Ölüm, her zaman hayatı geçiyor.
Onun için, “siyasetin hukukun içine elini uzattığından” kuşkulandığımız Deniz Feneri ile ilgili yazmak istediklerimi ertelemek zorunda kalıyorum ister istemez.
Ama bugün hem bir “itirafçının” itiraflarını, hem Adalet Bakanı’nın açıklamalarını, hem de “görevden alınan savcıların” çevresinden yansıyanları geniş biçimde yayımlıyoruz.
Bu gazete, bu olaydaki gerçekler ortaya çıkana kadar sayfalarını her görüşe açacaktır, Adalet Bakanı’nın da, HSYK’nın da, savcıların da yaptıkları her açıklama sayfalarda yerini alacaktır, “siyasetin hukuka elini uzatmadığına” ya da “uzatan biri varsa” o bunun hesabını verene kadar bu işin peşinde olacağız.

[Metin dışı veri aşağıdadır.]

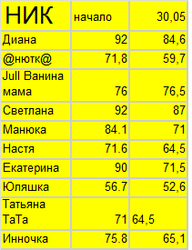 Привет, девочки. Вот и подошло наше последнее взвешивание. Жду от вас показания, таблицу завтра смотреть можно будет в этом же посте.
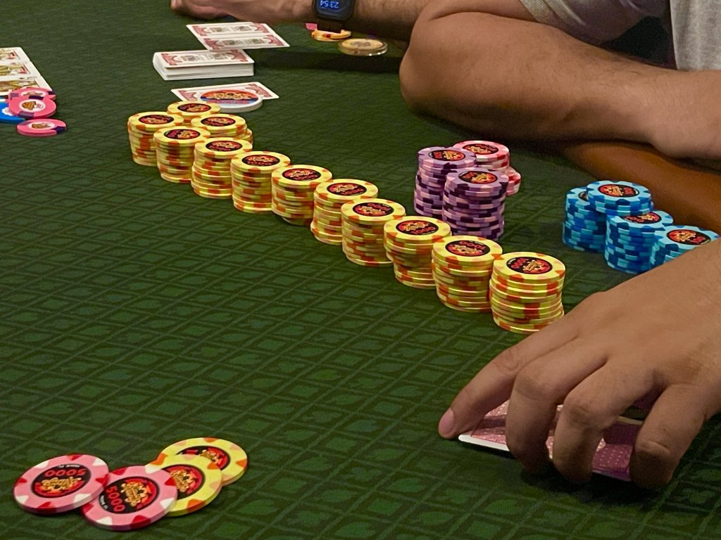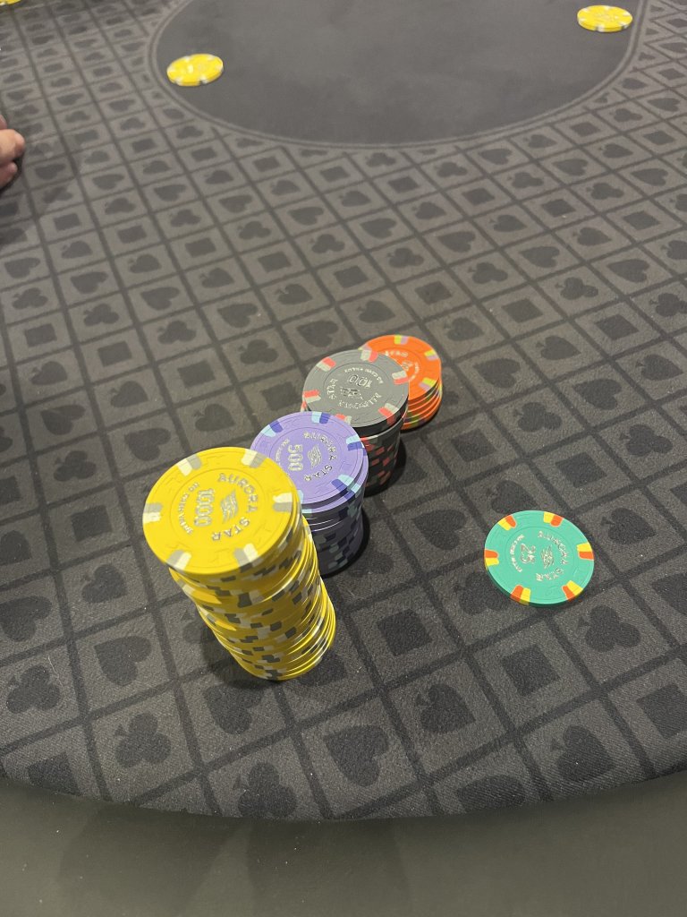 I don't think anyone answered your question. On tournament chips I've always considered the "standard" colors to be 25 = green, 100 = black, 500 = purple and 1000 = yellow. Then if going higher, orange = 5000. With a set like these guys are using, colors used may be somewhat constrained by the numbers of chips available. And the weird use of a T50 chip. Maybe he doesn't have enough of any particular color to support T25, thus he tosses in the T50s.
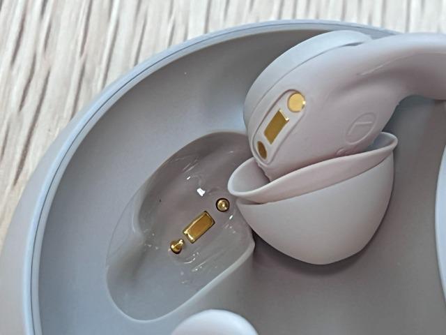 在裸機的側面有3個大小不一的磁吸接觸口,中間的較為寬大些,對于淺口的充電盒來說,能夠保證耳機與充電盒的穩固緊密貼合。
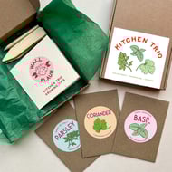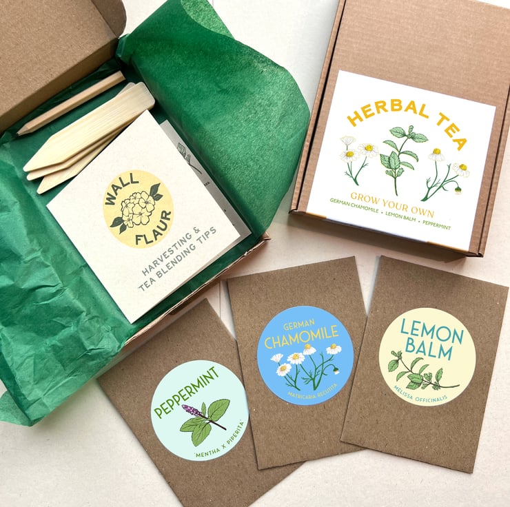 A beautifully illustrated' grow your own' seed collection. Featuring a selection of herb seeds to grow and harvest your own tea blend. Handmade with care in N.Ireland.
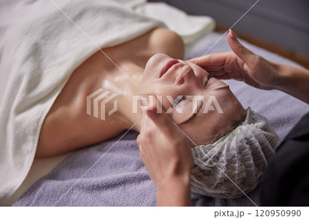 Asian woman in white towel with eyes closed enjoying facial massage at spa salon
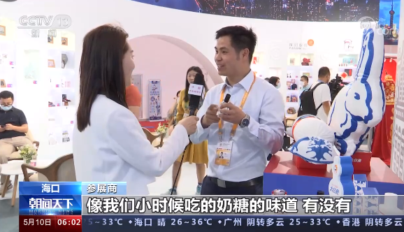 消博会参展商:对啊,这种味道奶甜奶甜的,像小时候吃的奶糖的味道?有没有?
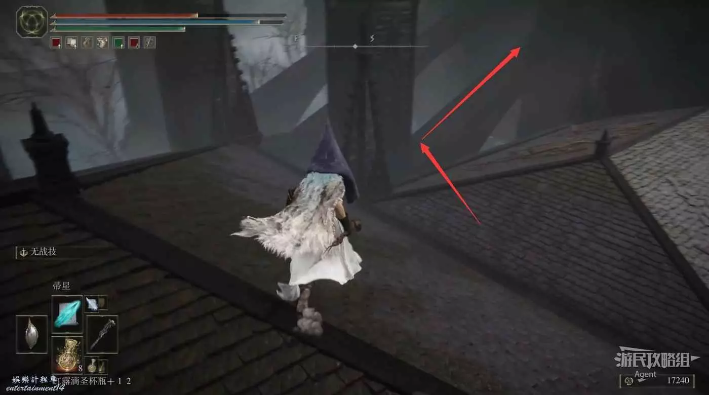 按下圖路線穿過各個房頂,抵達大教堂的房頂。
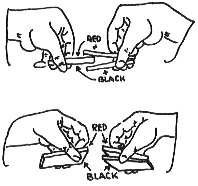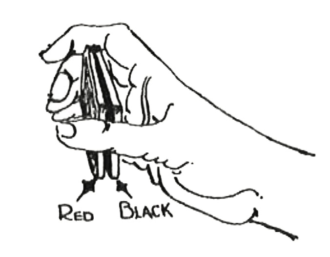 You will have to master a false shuffle. I shall give you two and you may take your choice, or you may use both. The shuffles are designed only to keep separate the red and black cards.
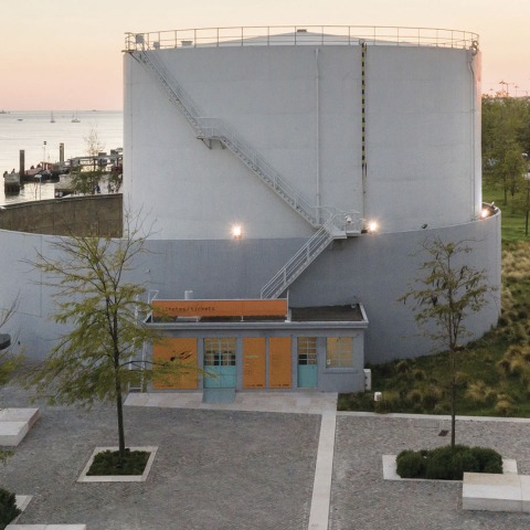 Sin embargo, la sala se ve interrumpida por un objeto impúdico. Un mostrador a rayas de mármol blanco y negro está colocado con precisión y contundencia. La larga y elegante caja está ligeramente inclinada y ocupa todo el espacio. El mostrador bien vestido alberga una pequeña cocina, una barra, multitud de armarios y una máquina expendedora de billetes. La misma caja atigrada aparece en el punto de información, concluyendo una intervención esporádica, aunque consistente.

Şimdi gelelim hayatı ertelememize neden olan o karanlık ve korkunç ölüme.
Önce bizim Genelkurmay’dan başlayalım
PKK’nın Kandil’de “yedi sivil öldürüldü” iddiasını biz sürmanşetten vermiştik, Genelkurmay, “fotoğraflar ve krokilerle” yedi kişinin içinde bombalanarak öldüğü iddia edilen arabanın bulunduğu bölgeye bomba isabet etmediğini kanıtlamıştı, bunun üzerine PKK, “Bombalanan araba aşağıya uçtu onun için onun bulunduğu yerde bomba izi yok, yukarısında var” diyerek bir video yayınladı.
Bunu da gazeteye koyduk.
Genelkurmay, bu iddiayı da geçiştirmedi, demagoji yapmadı, hamasete sapmadı, özel görev verdiği bir uçakla “arabanın vurulduğu söylenen” yerin de resimlerini çektirip bize gönderdi ve “Orada da bomba izi yok, incecik duvar bile sağlam duruyor” dedi.
Şimdi, “parçalanmış yedi kişinin” resimlerini yayınlayan PKK’nın buna bir cevap vermesi gerekiyor.
Arabanın vurulduğu yerin resmini çekip gönderecekler.